Pentecost 7 Proper 11A July 19, 2020

Genesis 28:10-19a
Psalm 139:1-11, 22-23
Romans 8:12-25
Matthew 13:24-30, 36-43

In our first reading, from the Book of Genesis, Jacob is on the run. Last week, we read about how he manipulated his older brother Esau into selling his birthright for a bowl of stew. This means that Esau will no longer be the head of the family when their father, Isaac, dies, Nor will Esau receive a double portion of the inheritance, which usually goes to the older son. Jacob has robbed his older brother of his birthright.

Meanwhile their father, Isaac, who is now blind, has realized that he will die soon. He wants to give Esau his blessing. He tells Esau to go out and kill some game, bring it in, prepare it, serve it to his father and then Isaac will give Esau his blessing.

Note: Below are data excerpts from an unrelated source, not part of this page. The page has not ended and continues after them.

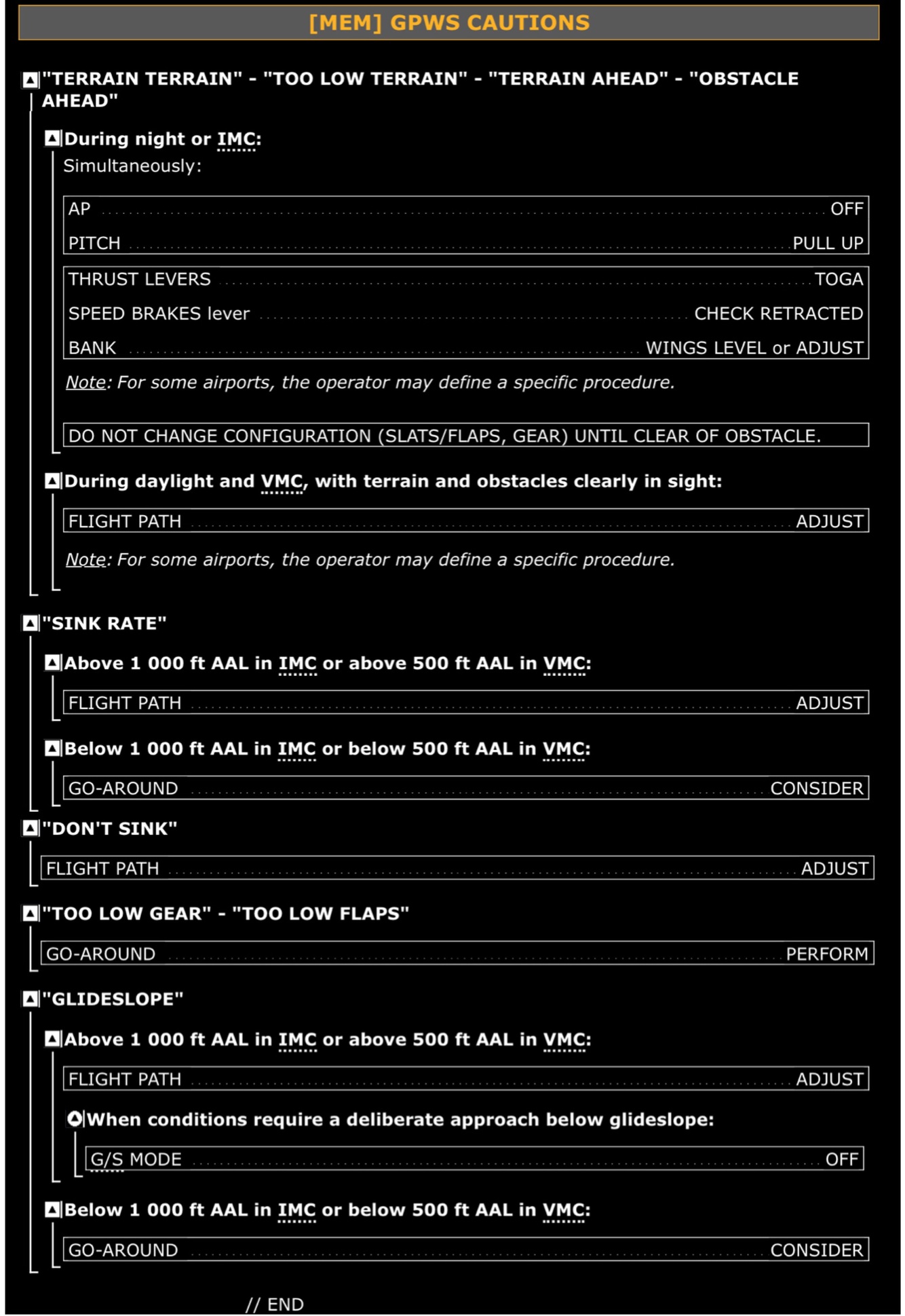 TAWS: Cautions procedure
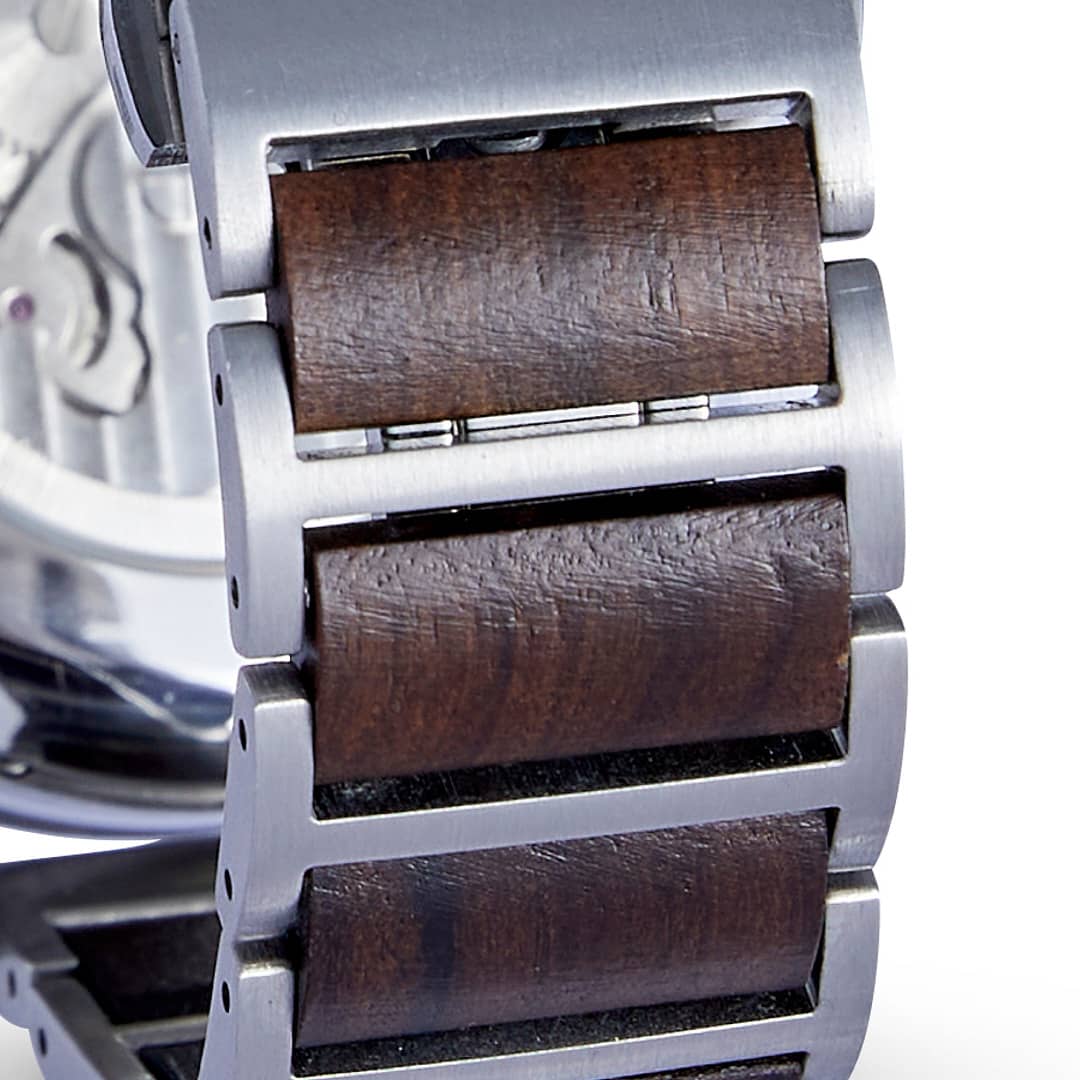 Modern Construction: The Banyan is a handmade eco-friendly watch for men, crafted from recycled Chacate Preto wood furniture. Its durability is enhanced with spring-loaded pins and reinforced stainless steel connectors, used throughout the watch band. These contribute to the superior quality of this wooden watch
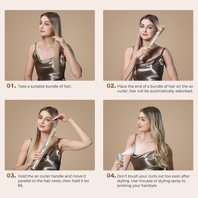 - AUTO-WRAP CURL TECHNOLOGY HAIR AIR STYLER FOR SALON QUALITY: UKLISS magic styler air styler Features a 1.25-inch automatic air curler attachment with COANDA Effect technology that automatic grips hair; creates left/right curls with consistent, voluminous results—multi hair styling tool unlike manual curlers that often leave ends frizzy or shapes uneven, air hair curler delivers pro-level curls in one step at home.
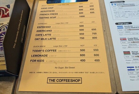 2023年05月11日に国内初のコーヒー販売を開始。エスプレッソ(390円)やアメリカーノ(390円)、カフェラテ(450円)、ソイラテ(500円)、抹茶ラテ(500円)、モヒートラテ(500円)、キャラメルラテ(500円)、ヘーゼルナッツラテ(500円)、ココナッツラテ(500円)など、豊富なメニューがそろっています。
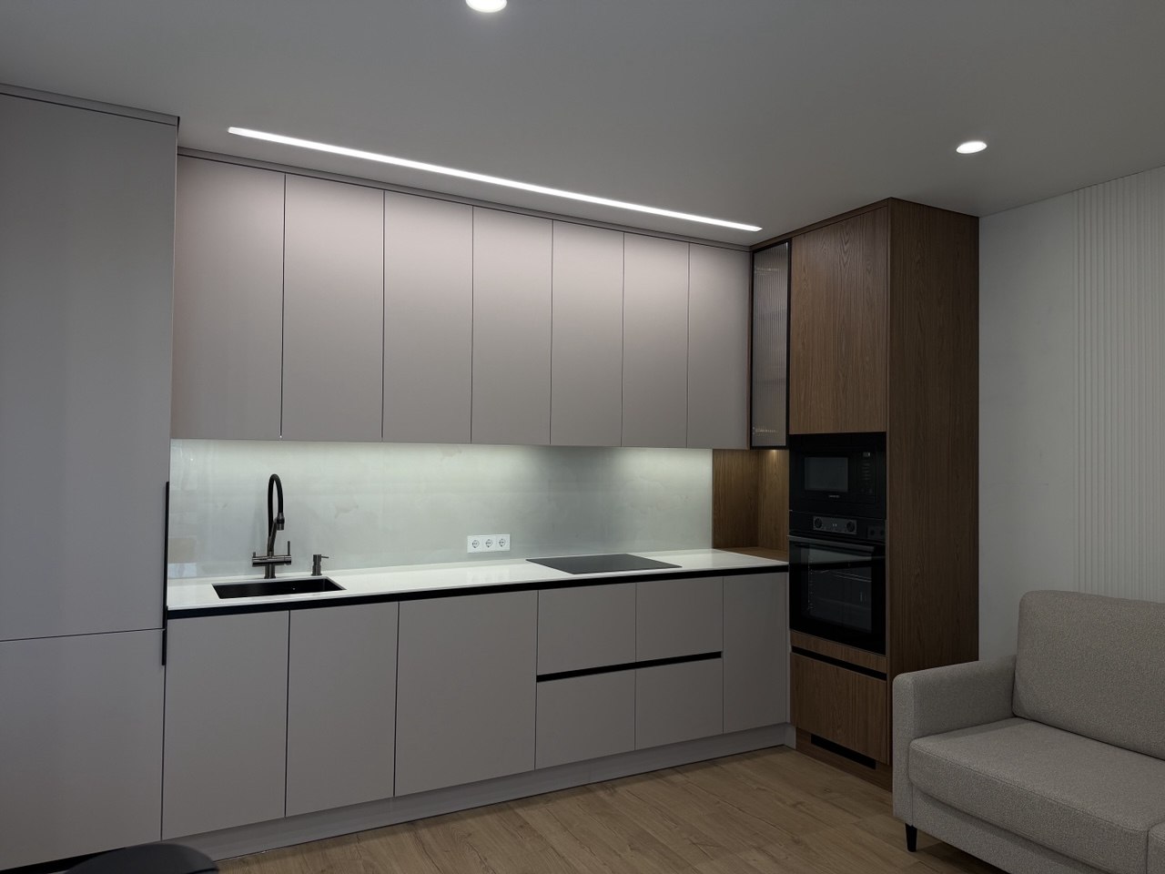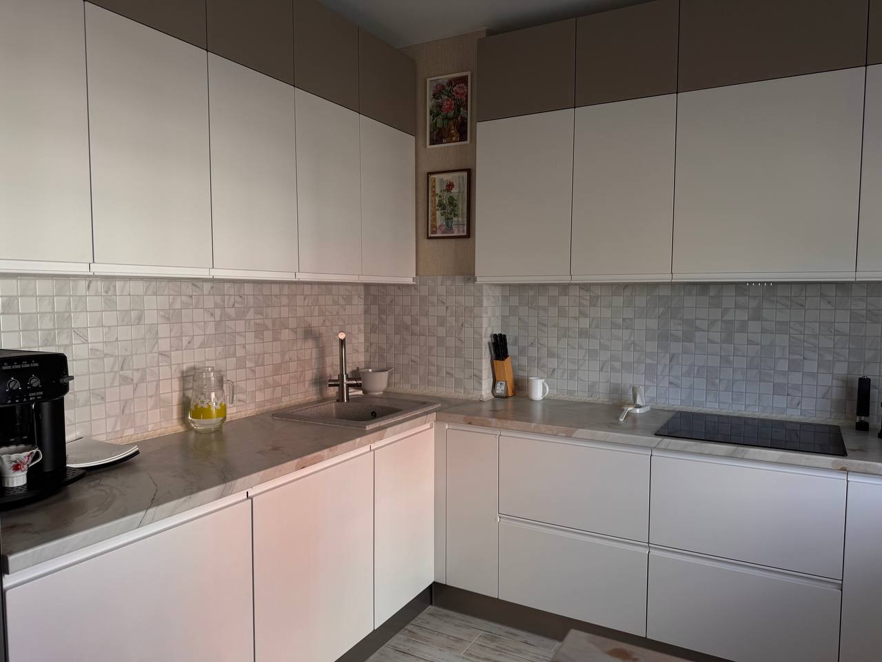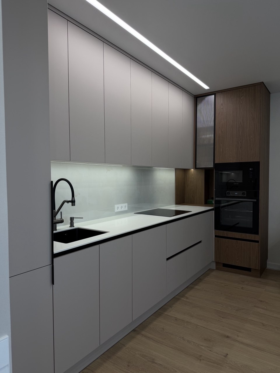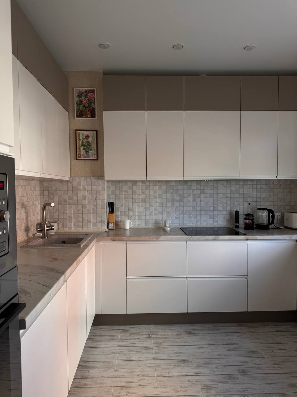 Современная кухня в светлых тонах с лаконичным дизайном идеально впишется в любой интерьер. Шкафы до потолка обеспечивают максимум пространства для хранения и визуально делают помещение выше и аккуратнее. Вместительные выдвижные ящики позволяют удобно организовать посуду и аксессуары, а рабочая зона выполнена из практичного материала, устойчивого к износу и загрязнениям.

Rebekah has listened in on Isaac’s conversation with Esau. Because she loves Jacob more than Esau, she hatches a plan for Jacob to get Isaac’s blessing instead of Esau. She kills two kids and makes them into a savory stew. Then she dresses Jacob in Esau’s clothes and covers his hands and neck with the skins of the kids so that, he, who has smooth skin, will seem as hairy as his older brother. Jacob pretends that he is Esau, serves his father the savory stew, and gets Isaac’s blessing, which cannot be revoked.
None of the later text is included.